You have not provided any good info to this site. Your first post was rejected by Jackson and now your second post is tyring to bring up an old discussion that is better left dead. Sounds just like something TempeStud75 would do.
Your third post will be spent calling me a moronic boob, that you get more girls than I and that you have so much money you don't know what to do with it.
If you are smart, your 4th post will be about the AMP you visited and the girl you saw, how much money it cost and how good she was. Let's keep the board focused![/QUOTE]I Don't go. Massage parlors that offer "special" services in my state ...
I'm only here to help some of my friends. I'm only here to monitor this site...
I'm sorry I have nothing to share with you.
Mesa offices on the 'front lines' of the AMP scene?
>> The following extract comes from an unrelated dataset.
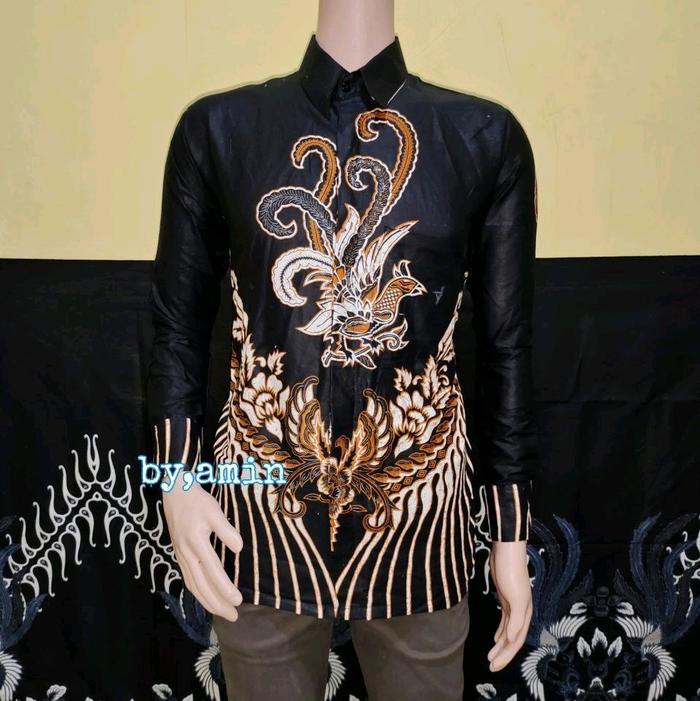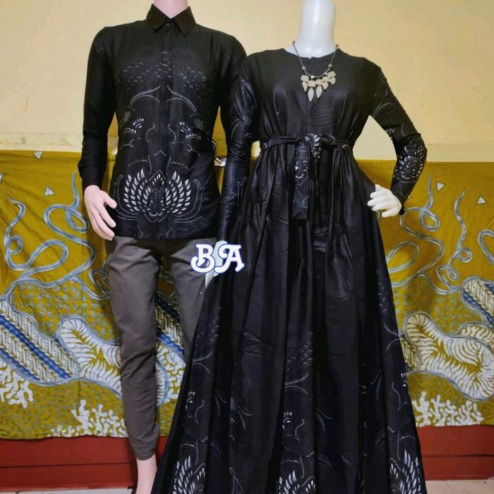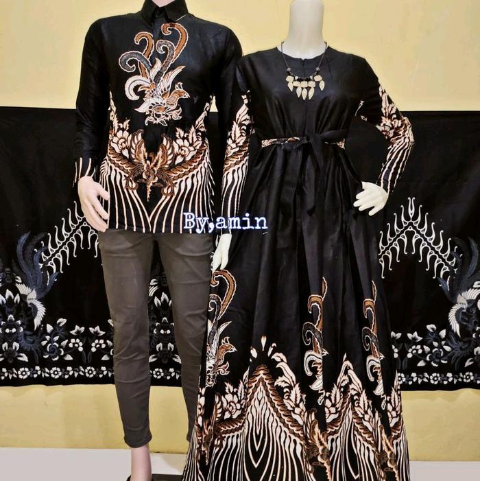 GAMIS BATIK COUPEL BAJU BATIK KAPELAN SUAMI ISTRI - AYAM HITAM, KEMEJA L - GAMIS STANDAR
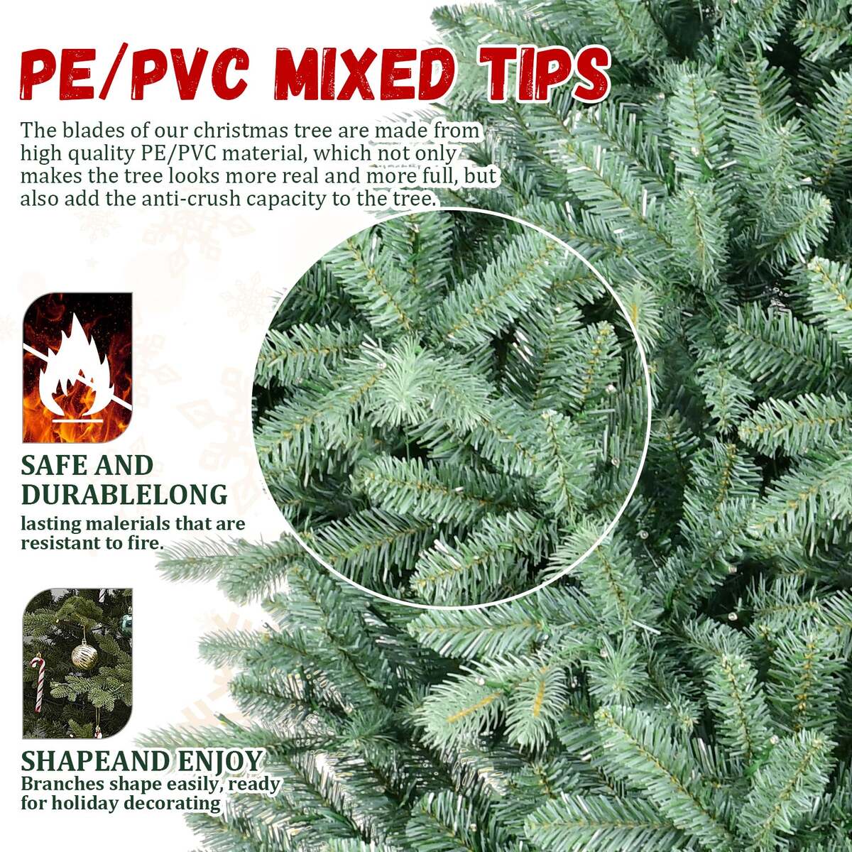 Lush Realistic Appearance with 4368 Tips - Made from 4368 high-quality PE+PVC tips, this tree delivers a dense, full look with a natural texture?perfect for creating a festive and elegant display.

Oriental Gals and Sunshine Spa I'm guessing.. Wondered when Mesa was going to crack down on this. It was somewhat comical to see the number of ads in the back of New Times (the bulk of them in Mesa)
[url]http://www.azcentral.com/community/mesa/articles/2009/07/30/20090730mr-massage0731.html[/url]
The detectives continued on, pulling into a strip mall near Gilbert and Broadway roads, where two more massage parlors neighbor each other.
Inside the first one, they found five women, but only one massage license. Detectives cited the license holder for not having a copy posted in a conspicuous place. Several of the women did not speak English, but they all indicated that only the woman whose name was on the license gave massages.
The detectives continued on to the next establishment. Only one woman was there but she was cited for not having a valid license because hers had expired earlier in the month. Detectives found rows of high-heeled shoes, a shower stall, and a bedroom area in the back.
While they were citing her, a man walked in, saw the two officers with their badges and bulletproof vests, and left in a hurry. When Fitzgerald caught up to him in the parking lot, said he always tells the masseuse up front that he doesn't want anything more than a massage. When Fitzgerald asked the man why he felt he had to state that, the man couldn't provide an answer.
As Fitzgerald and the man talked, he saw a customer walk into the parlor where the five women worked.
Fitzgerald offered to bet that the woman who massaged that customer wouldn't be the woman whose name is on the license.
They waited for the customer to come out, and he appeared nervous when detectives asked him to describe the woman who gave him the massage. He said he didn't do anything wrong and told the detectives that his wife instructed him to get foot massages for his diabetes.
The man agreed to go back in and identify which woman had given him the massage. Fitzgerald won his bet. The woman who worked on the customer was cited for giving a massage without a license.